С недавних пор Севке начало щедро везти с рыбалкой и поиском грибов. Он считал это везение подарком судьбы за все свои несчастья. Сегодняшний улов, целых шесть крупных воюющих карасей, он спешил показать своему отцу, который заехал с охотничьей службы домой на недельку. Севка предвкушал, как тот наконец обрадуется и станет смотреть на него по-другому, с уважением. Ну или хотя бы с чуть меньшим разочарованием.
Поэтому, услышав Гарькин писклявый голос из чьего-то огорода, он не обернулся и пошел дальше. Нарочно не спешил, чтобы никто не подумал, будто он бежит.
- Оглох?!
Что-то стукнуло по ведру и покатилось в канаву. Мелкое зеленое яблоко. Севка не стал заострять внимание и пошел дальше. Следующее яблоко прилетело ему по мягкому месту. Грянул дружный детский гогот.
Севка искоса глянул на сестру. Она и еще пятеро детей стояли на крыше чужого сарая. Среди ребят был и бывший Севкин друг Горох, который теперь при каждой встрече отводил глаза или начинал дурачиться, как ни в чем не бывало.
Под ногами Гарьи жалобно проминались доски. В свои шесть лет, она превосходила десятилетнего брата если не по росту, то по упитанности и грубой силе. Хотя, назвать ее неуклюжей толстухой было сложно, да и опасно для здоровья. Она напоминала карликового минотавра. Даже рога имелись в виде двух коротких загнутых косичек.
- Чего тебе?! - огрызнулся Север, но голос получился какой-то овечий.
- Папа сказал тебе собираться! Повезет вампирам продавать!
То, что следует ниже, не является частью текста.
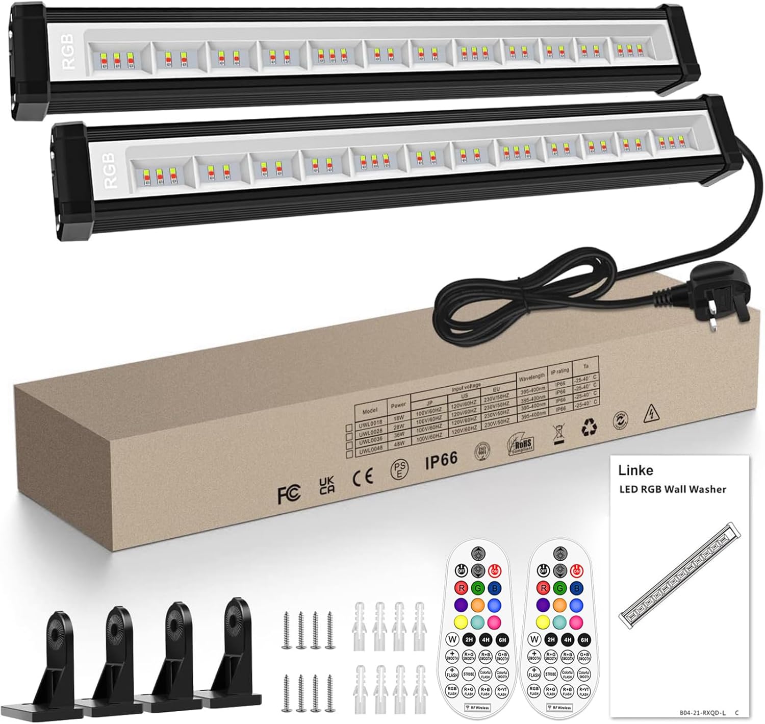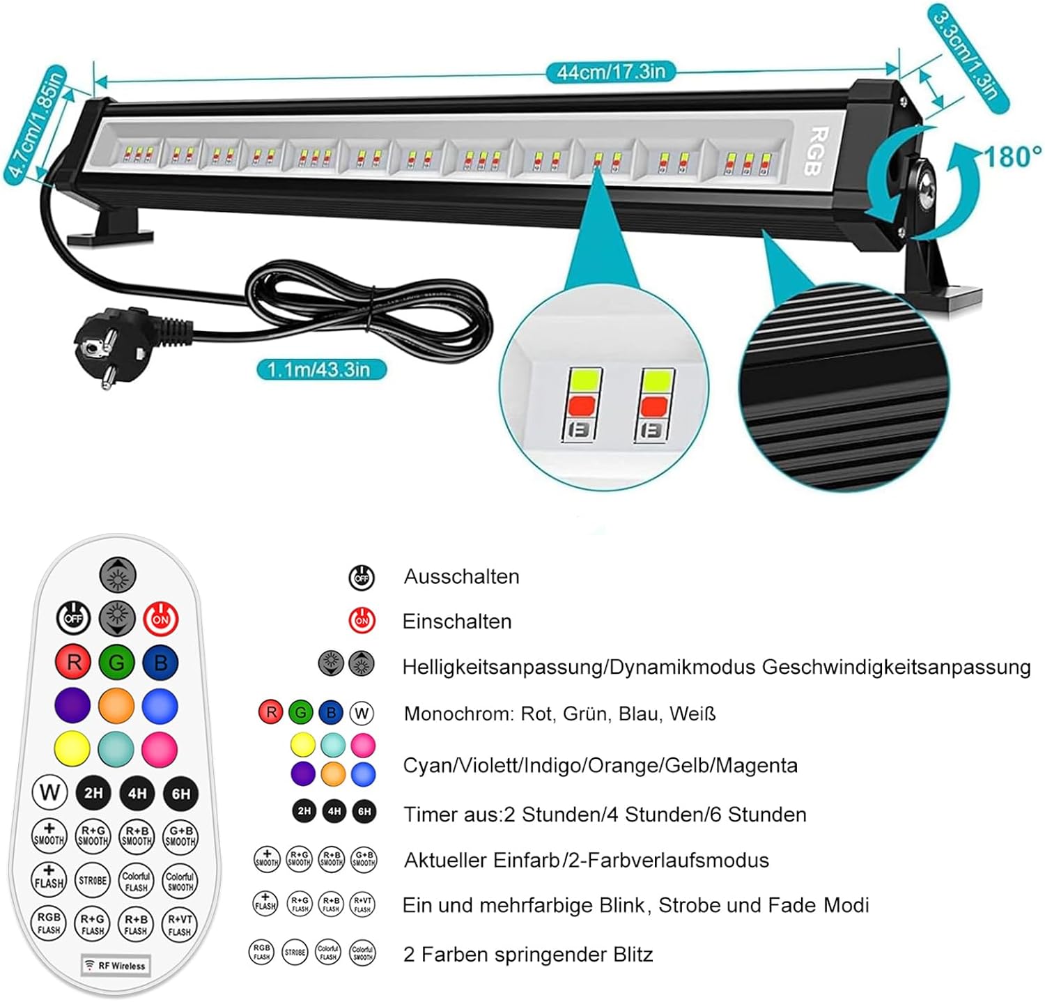 - 29-Tasten-Fernbedienung Wallwasher: Led strahler mit Fernbedienung, die einfach und bequem zu bedienen ist. Die Fernbedienung Abstand kann 12m, 360 ° erreichenSteuerungsbereich. Linke rgb wandleuchten können bis zu 3350 Lumen Beleuchtung liefern. Die Helligkeit kann über die Lichttasten für optimalen Sehkomfort nach oben und unten geregelt werden. Der Helligkeitsbereich: 25%-40%-55% -70%-85%-100%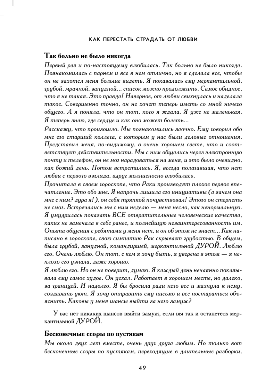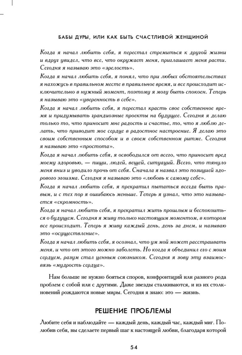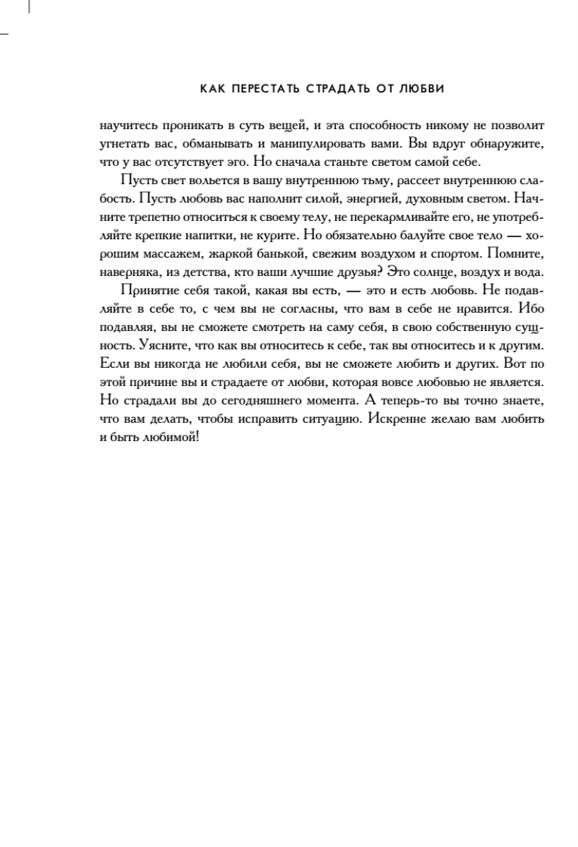 Вам нравится ваша жизнь? Или вы мечтали когда-то о большем, но потом почему-то остановились, удовлетворились тем, что есть, решили, что лучшее вам не суждено, или, может быть, вы его не достойны? Бирка с ценой, которую вы себе прикрепили, и является мерилом того, с каким мужем вы живете, какую работу имеете, в какие ситуации попадаете. Если вы склонны довольствоваться тем, что вам предлагают, а не выбирать то, что устраивает вас, то в этом случае вы сделали неправильный выбор. Боязнь идти на риск, незнание жизни и незрелость и приводят к тому, что мы живем совершенно не так, как хотели бы. Вы ведь не думаете, что постоянные жалобы и хныканье, если это делать достаточно долго, изменят ситуацию? Не надейтесь! Все останется по-прежнему, кроме вашего возраста. Если вы хотите изменить свою жизнь, достичь большего и жить с удовольствием, моя книга для вас. Давайте станем счастливыми!

- Пусть тебя возьмет! Им на год хватит!
- Я не шучу! - не обиделась Гарья. - Он сам так сказал! А вот еще...! Яблоки! Домой занеси!
Она взяла у гороха грязный мешок и, раскрутив, швырнула через забор.
"Сила есть - ума не надо" - гласила народная мудрость, предполагая, что ее теория работает и в обратном порядке. Но потом увидела Севку, махнула рукой и закурила.
Севка бросил ведро и неловко взмахнул руками, ловя мешок. Не поймал. Мешок упал у его ног, загудел и зашевелился. С перепугу мальчик схватил ведро и окатил мешок водой, выплеснув и рыбу.
Все затихло на пару секунд, даже Гарьины друзья ошеломленно замерли, как зрители цирка перед опасным трюком гимнаста.
Только рыба, трепыхаясь на мешке и на дороге, жутко подвывала.
Мешок будто взбесился. Из незавязанной горловины полезли, мягко говоря, недовольные навьи осы. Размером они вполне походили на яблоки, а яростью на раскаленную сковороду. Они принялись ползать и жалить карасей. А потом по одной стали отрываться от земли.
Под восторженный смех сестры и ее друзей Севка с позорным визгом рванул к реке. Осы кинулись за ним, собираясь в рой. Сотни крылышек заставляли воздух вибрировать. Некоторые осы нагоняли, цеплялись к майке, плечам, ногам и лицу. Напуганный до хрипа Севка слепо отмахивался от них.
Добравшись до реки, он разбежался по мостку и повалился в воду. Плавать Севка научился рано - как только, сестра научилась ходить и толкаться.
Не спеша выныривать, он попытался уцепиться за тину. Однако совсем забыл, что недавние ливни насытили реку. Рука схватила пустоту, а Севка почувствовал, что течение сильнее, чем обычно и уносит его как щепку. Вынырнув, он оглянулся на уносящийся песчаный берег. От растерянности на миг ушел под воду. Бешено гребя и отплевываясь от брызг, он подстроился к шустрому потоку и стал грести к суше.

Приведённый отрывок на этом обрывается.